In a similar way, as explained in the preceding paragraph on the basis of temperature measurement values, mechanical measurement values measured on the component can also be converted into partial utilization rates.

In parallel, on the other hand, it can be provided that, in addition to the measured values tapped directly on the component to be monitored, operating data which control the operating system to which the component to be monitored belongs, for example from a control room or control panel, are used for load case identification. Such load cases in a nuclear power plant are, for example, «starting», «rapid shutdown» etc. These individual load cases can now be determined

- Assign empirically determined or calculated or estimated on the basis of assumptions - reference stress curves, so that when identifying such load cases by possible additional superimposition with suitably weighted mechanical standard load cases, a reference stress curve arises, which is also converted back to a partial utilization rate with the help of the rainflow algorithm can.

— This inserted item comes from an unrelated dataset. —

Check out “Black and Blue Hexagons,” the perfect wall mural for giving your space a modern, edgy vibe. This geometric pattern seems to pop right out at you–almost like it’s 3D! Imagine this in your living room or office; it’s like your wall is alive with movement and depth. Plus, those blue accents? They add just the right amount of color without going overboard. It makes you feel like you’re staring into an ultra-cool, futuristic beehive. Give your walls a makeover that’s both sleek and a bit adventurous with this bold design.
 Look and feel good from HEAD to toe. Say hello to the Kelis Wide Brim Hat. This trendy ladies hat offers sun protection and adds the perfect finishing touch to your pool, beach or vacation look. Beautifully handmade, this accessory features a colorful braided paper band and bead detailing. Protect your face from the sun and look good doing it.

The advantages of the process can be summarized as follows:

The uniform procedure leads to comparable results for all components and provides information on critical components.

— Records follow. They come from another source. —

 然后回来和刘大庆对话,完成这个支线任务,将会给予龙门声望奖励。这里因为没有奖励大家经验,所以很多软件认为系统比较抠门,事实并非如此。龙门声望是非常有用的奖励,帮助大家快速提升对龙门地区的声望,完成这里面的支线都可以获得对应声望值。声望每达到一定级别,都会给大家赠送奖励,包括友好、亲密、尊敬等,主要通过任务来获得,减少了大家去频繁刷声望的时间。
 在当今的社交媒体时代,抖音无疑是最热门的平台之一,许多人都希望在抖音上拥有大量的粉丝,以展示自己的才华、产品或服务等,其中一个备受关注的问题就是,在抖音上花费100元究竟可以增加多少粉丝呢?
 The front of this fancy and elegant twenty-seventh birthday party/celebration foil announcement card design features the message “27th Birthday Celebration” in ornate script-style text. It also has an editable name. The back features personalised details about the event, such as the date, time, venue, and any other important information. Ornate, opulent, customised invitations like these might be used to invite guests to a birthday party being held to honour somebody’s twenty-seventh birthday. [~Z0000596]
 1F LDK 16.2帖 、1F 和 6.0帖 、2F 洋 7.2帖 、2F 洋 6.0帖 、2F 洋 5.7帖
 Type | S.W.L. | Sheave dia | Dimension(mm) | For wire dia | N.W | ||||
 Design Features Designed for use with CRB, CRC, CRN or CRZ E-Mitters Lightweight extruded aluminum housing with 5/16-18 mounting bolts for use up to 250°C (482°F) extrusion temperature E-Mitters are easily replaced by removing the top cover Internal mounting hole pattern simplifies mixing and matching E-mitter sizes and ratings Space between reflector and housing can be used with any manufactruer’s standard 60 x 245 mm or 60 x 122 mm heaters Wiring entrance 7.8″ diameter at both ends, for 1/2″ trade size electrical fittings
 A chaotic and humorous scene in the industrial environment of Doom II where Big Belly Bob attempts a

The chronological recording of the individual operating processes and the continuous temperature measurements lead to the exact determination of the degrees of utilization.

If a critical tendency is identified during the monitoring, it is possible to increase the service life of individual, endangered components in good time through a newly defined gentle driving style.

Advertisements during ultrasound tests can be tracked continuously.

By monitoring the crack growth, one is able to continue operating the system even when the calculated utilization of 1.0 is reached.

This monitoring also makes it possible to carry out repair measures that are necessary in a targeted and thus economical manner.

Continuous operational monitoring leads to complete operational data acquisition (log book).

The operational monitoring system enables e.g. B. for all areas in power plants a more precise and, above all, more economical implementation of stress and fatigue analyzes.

The invention is applicable not only in the power plant area described by way of example, but also in other areas. Another example is the fatigue check of aircraft components etc.

An embodiment of the invention and its advantageous development is described below with reference to the accompanying drawings.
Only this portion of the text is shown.